You signed in with another tab or window. Reload to refresh your session.You signed out in another tab or window. Reload to refresh your session.You switched accounts on another tab or window. Reload to refresh your session.Dismiss alert
I am integrating your Marlin kernel into AutoRound. In my initial tests, the Marlin kernel functions well in most scenarios. However, when loading the model with a dictionary-based device map, if the g_idx is not set, an exception is thrown.
I am unsure how to easily reproduce this issue, but you can refer to my test in this AutoRound PR for more details.
Traceback (most recent call last):
File "/home/wenhuach/auto-round/test_cuda/test_auto_round_format.py", line 93, in test_device_map
outputs = model.generate(
File "/home/wenhuach/anaconda3/envs/autoround/lib/python3.10/site-packages/torch/utils/_contextlib.py", line 116, in decorate_context
return func(*args, **kwargs)
File "/home/wenhuach/anaconda3/envs/autoround/lib/python3.10/site-packages/transformers/generation/utils.py", line 2326, in generate
result = self._sample(
File "/home/wenhuach/anaconda3/envs/autoround/lib/python3.10/site-packages/transformers/generation/utils.py", line 3286, in _sample
outputs = self(**model_inputs, return_dict=True)

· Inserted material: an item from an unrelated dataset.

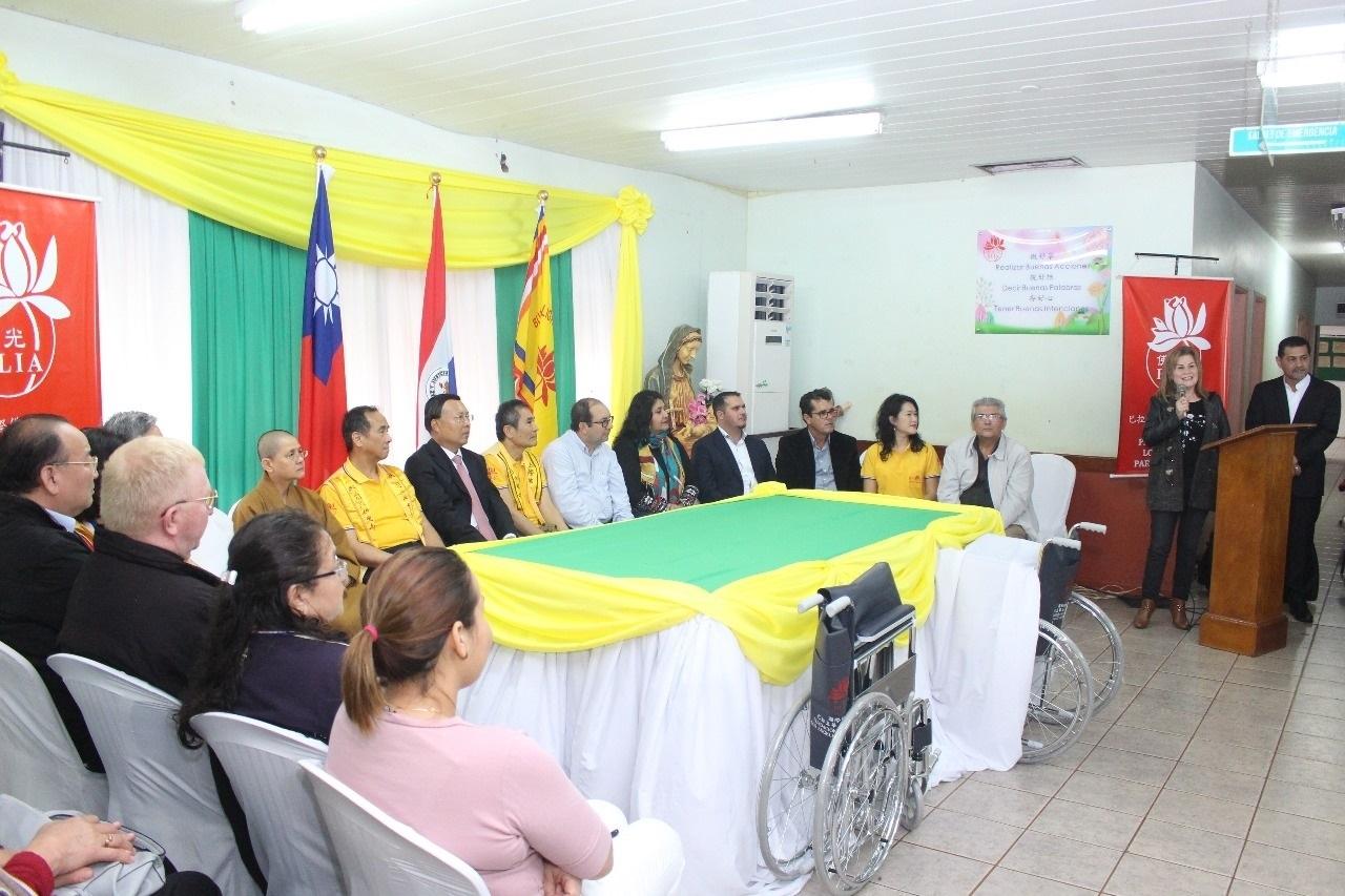 巴拉圭華人慈善基金會分別於6月11日上午於東方市佛光康寧醫院及同日下午明加瓜蘇市聖母堂辦理捐贈鄰近縣市Juan O’leary、Juan Mallorquin、Minga Guazú、Hernandarias、Minga Porá及Concepcion等貧民愛心輪椅儀式,本館魏副總領事世鉅應邀代表觀禮見證。此次受贈巴國地方政府首長及代表均對此義舉深表謝意,並感念該基金會自1990年創會迄今在巴國各地之義行。

File "/home/wenhuach/anaconda3/envs/autoround/lib/python3.10/site-packages/torch/nn/modules/module.py", line 1739, in _wrapped_call_impl
return self._call_impl(*args, **kwargs)
File "/home/wenhuach/anaconda3/envs/autoround/lib/python3.10/site-packages/torch/nn/modules/module.py", line 1750, in _call_impl
return forward_call(*args, **kwargs)
File "/home/wenhuach/anaconda3/envs/autoround/lib/python3.10/site-packages/accelerate/hooks.py", line 176, in new_forward
output = module._old_forward(*args, **kwargs)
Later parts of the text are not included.